Sunday, July 15, 2018

Packing Up Our House For The Move To London


There's nothing like a move from the Far East to Western Europe to rethink one's entire wardrobe.

Magazines (remember those?) used to have regular features about dressing in Dallas vs. New York, or London vs. Milan.  Well, Hong Kong dressing is nothing like all of those.  Heat and humidity forbid jeans for most of the year, and tight clothes and winter coats are mostly out of the question.  After a few months western women who don't work in an office start wearing dresses most of the time, particularly in flowy fabrics like viscose or silk.  Men wear white shirts under their suits as pale blue oxford cloth is particularly adept at showing perspiration.  Local women working in offices look like consummate professionals in dark dresses and low heels.  Local tai tais (ladies of leisure) bring visual joy to the malls and streets in their impeccable haircuts and makeup and head-to-toe designer outfits.

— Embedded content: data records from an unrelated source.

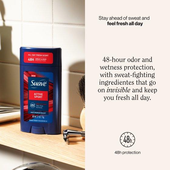 It’s more than men's deodorant. It’s game over for odor and wetness. Turn the tables on sweat. Suave Active Sport Men's antiperspirant deodorant is more efficacious than ever, a long-lasting invisible shield against wetness and odor in a stain-free stick, so you can stay on offense.
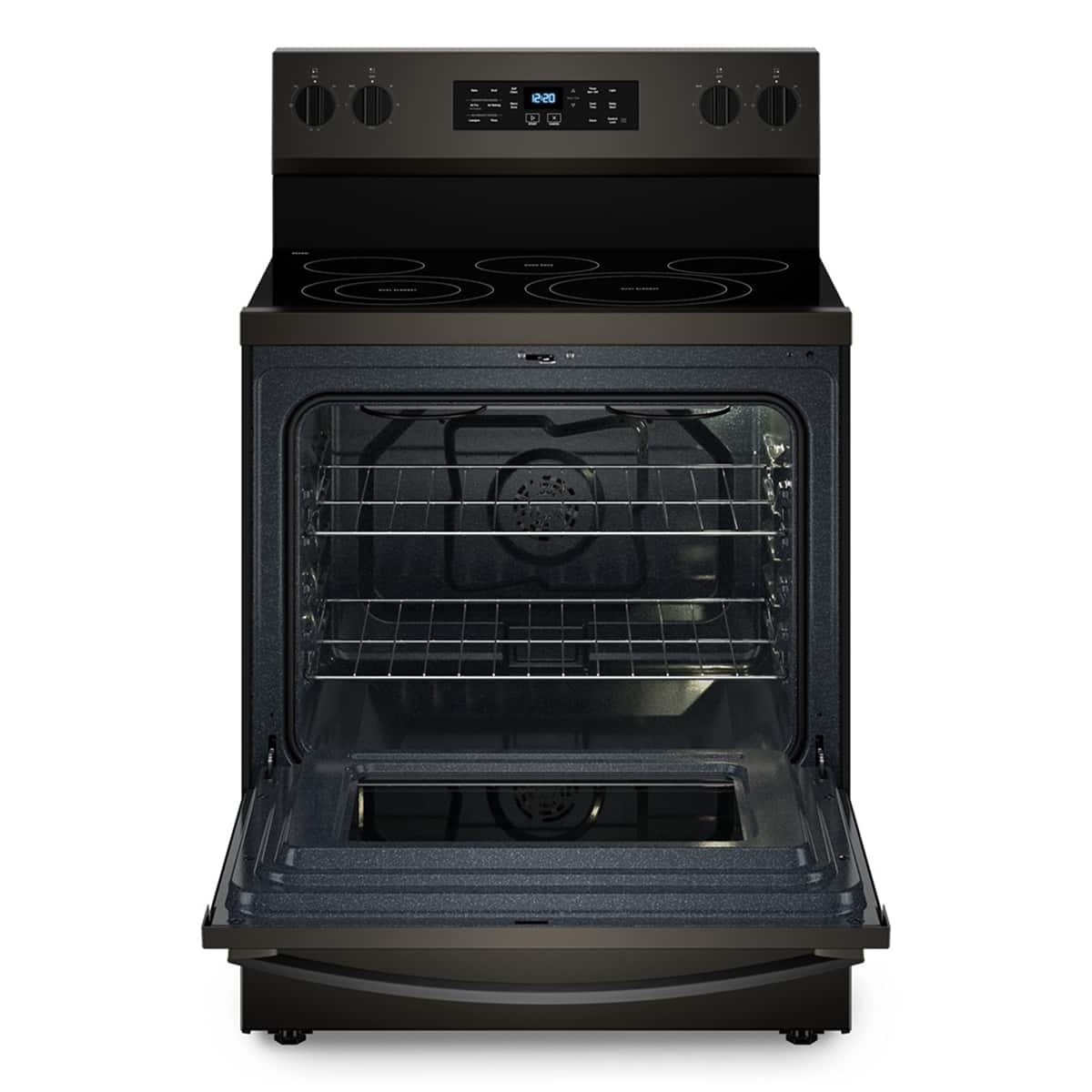Whirlpool – 5.3 Cu. Ft. Freestanding Electric Range with Air Cooking Technology, No Preheat Air Fry and Air Baking and Self Clean – Black Stainless Steel
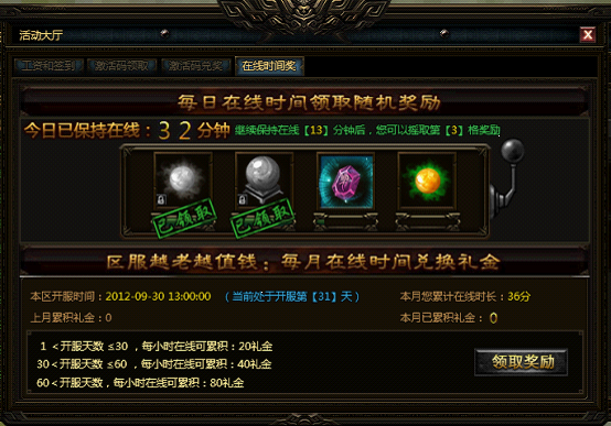 每日在线时间长的玩家,也可以获得奖励,不但每隔一段时间免费摇奖一次,还可以在月底获得一大笔礼金奖励,越老的服领取的礼金也越多:
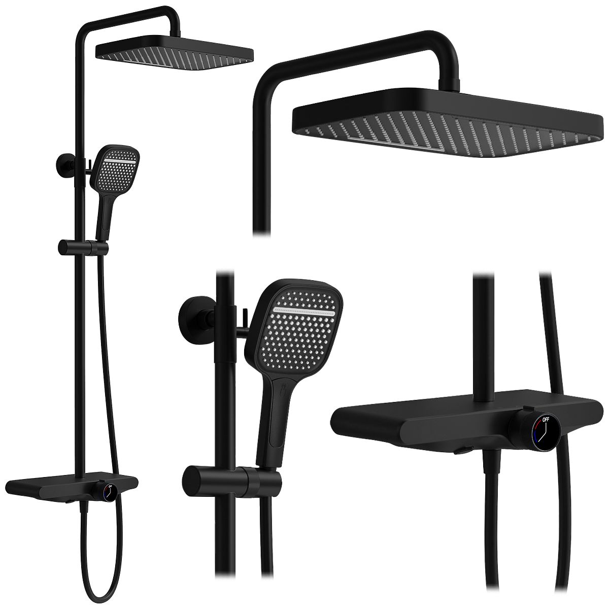 Shower Set Bari Black We present to you the wall-mounted shower set Bari. This set is designed with comfort and functionality in mind. The modern shape of the shower components is covered with a 4-layer coating of the highest quality. This technique protects the faucet against corrosion and discoloration. The package includes an ultra rain shower, faucet with components, hose with handset and spout. The set is perfect for those looking for unconventional solutions and wanting to create an original and unique dream bathroom. The presented shower set does not have water pressure regulation.

The Landmark, one of the many luxury malls in Hong Kong, hosting a Louis Vuitton pop-up shop this week


I was at a party in London a few weeks ago, in a pretty new Sandro dress, but with a full face of make-up to cover up my tired eyes from an early morning flight.  I'd had an expensive blowout and used the dark red lipstick I bought after meeting Charlotte Tilbury (she thought it went well with my green eyes!!!!), and I'd lined my eyes heavily without quite achieving a smoky effect.  In Hong Kong I would have fit right in (here's an old post of an evening out in Hong Kong).


Hong Kong style often involves silk and some of the moment designer accessories

Sandro dress (HERE)
Dior shoes (HERE)


At this party, however, I was faced with a bunch of women (mostly British) in very casually expensive clothes but not a lick of makeup.  After a few minutes on a terrace surrounded by mirrored trellis, I felt more hot and uncomfortable than I've ever been in Hong Kong.  How could I have forgotten?  After all I lived and worked in London for ten years before moving to Asia.

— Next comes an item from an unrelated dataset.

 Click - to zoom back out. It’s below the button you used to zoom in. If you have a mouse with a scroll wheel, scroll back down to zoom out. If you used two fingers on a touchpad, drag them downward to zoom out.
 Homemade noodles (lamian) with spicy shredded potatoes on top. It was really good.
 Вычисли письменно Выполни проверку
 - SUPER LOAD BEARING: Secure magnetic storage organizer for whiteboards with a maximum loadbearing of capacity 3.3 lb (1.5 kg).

Despite global economies, worldwide fashion available at a mere click, and social media connections to far flung locations, style still has well defined hubs.  London is different from Hong Kong, Hong Kong is radically different from New York, and Paris is an island (I say that because I think Parisian style is too classic when you take it out of Paris, but when worn by Parisian women amongst the beautiful backdrop of Paris, it's magic).  My fashion has slowly but surely adjusted to Hong Kong, and my wardrobe will likely scream tourist when I am in London.  The defiant girl in me doesn't care at all, but the party guest girl in me was dying to look the same as everyone else.


Iconic London evening style: vintage dress, messy hair, minimal make-up, one piece of jewelry only.  (although I am not sure how this translates on non-stunning regular people)


So what am I bringing to London?  All my Isabel Marant and Proenza Schouler clothes for sure, a beautiful velvet Masscob jacket I recently bought on Matches, all my ankle boots, linen T-shirts, grey jumpers, any cheap and cheerful long floral dresses I have (great with a chunky knits and tall boots), and jeans, glorious jeans.  I cannot wait to embrace year-round denim dressing again - I particularly love wearing glam shoes with jeans and jumpers (see this old post from September 2017).  Even the great Yves Saint Laurent loved jeans so much he wished he'd invented them.




What I am not bringing, however: complicated high heeled shoes, yellow and orange shoes or bags (too jarring under low grey cloud cover), anything with bright large patterns (although small flower prints are as British as the proverbial upper lip).  In London I prefer to bring subdued color into my outfits through timeless accessories.


Fiona Kotur for Swarovski ring

my daughter on the pastel streets of Chelsea

The future is looking lean, hopefully lean enough to fit in one of those tiny pastel colored houses with even tinier wardrobes off the Kings Road in Chelsea.  We'll be considered locals there, so no expat housing allowances, and no cooks or drivers (woe is me!).  I'll need to invest in basic sweats comfortable enough for hoovering, something I have not done for ten years.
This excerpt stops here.